§ Data to examine
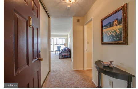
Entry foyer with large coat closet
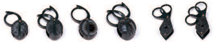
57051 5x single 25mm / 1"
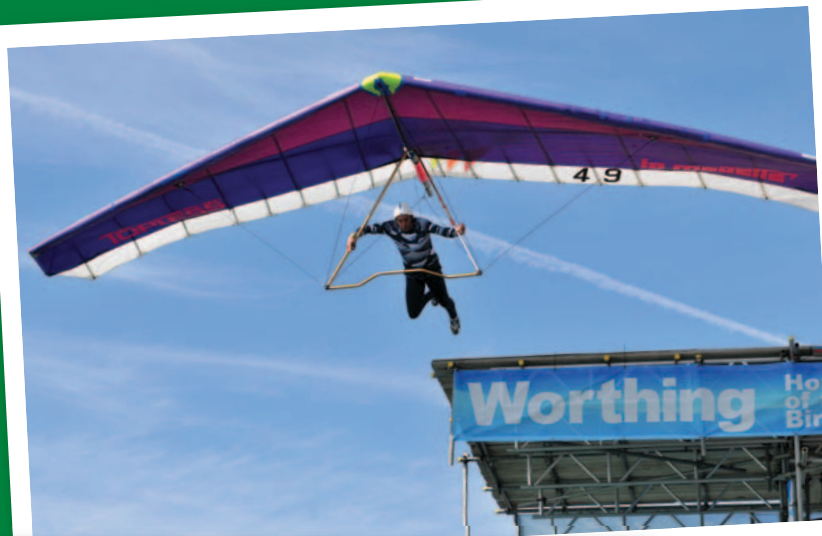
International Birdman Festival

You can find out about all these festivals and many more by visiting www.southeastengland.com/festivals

...

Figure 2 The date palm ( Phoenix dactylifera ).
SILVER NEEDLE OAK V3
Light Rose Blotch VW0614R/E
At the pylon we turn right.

§ Activity
Copy out exactly the lines above beginning with the line that contains "57051 5x single" and finishing with the line that contains "You can find", including both; leave the pictures out.

§ Exercise result
57051 5x single 25mm / 1"
International Birdman Festival

You can find out about all these festivals and many more by visiting www.southeastengland.com/festivals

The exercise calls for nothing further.